Simultaneously my ears were stunned with a deafening roar, there was a rushing through the air, and a giant form crashed down where I had lain an instant before, so close to me that its outspread talons raked my thigh. I had no time to tell the nature of my attacker—I had only a dazed impression that it was huge, supple, and catlike.

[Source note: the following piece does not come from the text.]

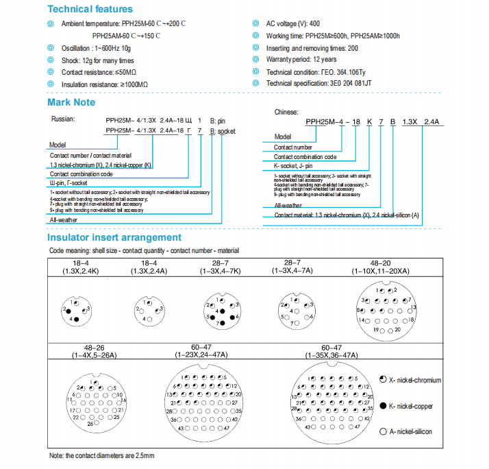 PPH25M and PPH25AM Temperature Compensation Electrical Connectors are

I rolled frantically aside as it spat and struck at me sidewise; then it was on me, and even as I felt its claws tear agonizingly into my flesh, the ice-cold water engulfed us both. A catlike yowl rose half-strangled, as if the yowler had swallowed a large amount of water. There was a great splashing and thrashing about me; then as I rose to the surface, I saw a long, bedraggled shape disappearing around the bushes near the cliffs. What it was I could not say, but it looked more like a leopard than anything else, though it was bigger than any leopard I had ever seen.
Scanning the shore carefully, I saw no other enemy, and crawled out of the pool, shivering from my icy plunge. My poniard was still in its scabbard. I had had no time to draw it, which was just as well. If I had not rolled into the pool, just when I did, dragging my attacker with me, it would have been my finish. Evidently the beast had a true catlike distaste for water.

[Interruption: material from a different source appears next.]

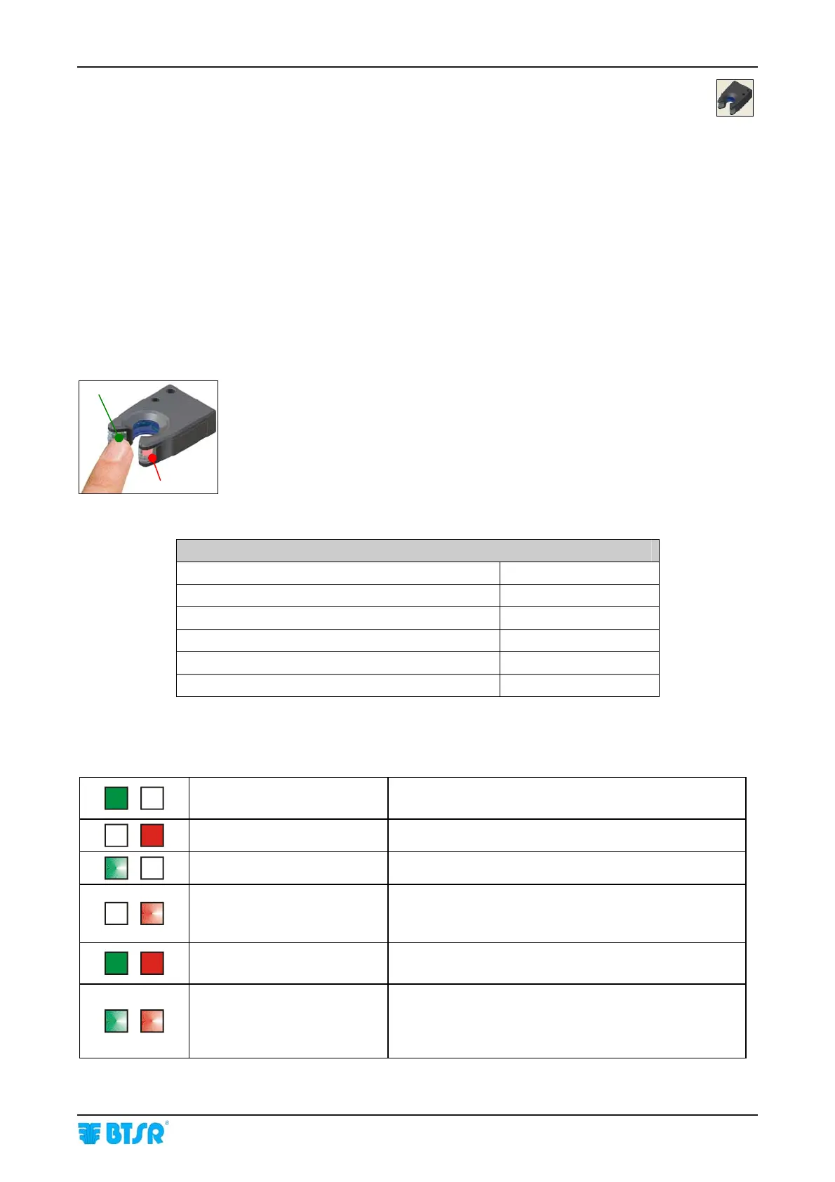 Interpretation of the signaling lights located on the sensors

I found that I had a deep gash in my thigh and four lesser abrasions on my shoulder, where a great talon-armed paw had closed. The gash in my leg was pouring blood, and I thrust the limb deep into the icy pool, swearing at the excruciating sting of the cold water on the raw flesh. My leg was nearly numb when the bleeding ceased.
I now found myself in a quandary. I was hungry, night was coming on, there was no telling when the leopard-beast might return, or another predatory animal attack me; more than that, I was wounded. Civilized man is soft and easily disabled. I had a wound such as would be considered, among civilized people, ample reason for weeks of an invalid’s existence. Strong and rugged as I was, according to Earth standards, I despaired when I surveyed the wound, and wondered how I was to treat it. The matter was quickly taken out of my hands.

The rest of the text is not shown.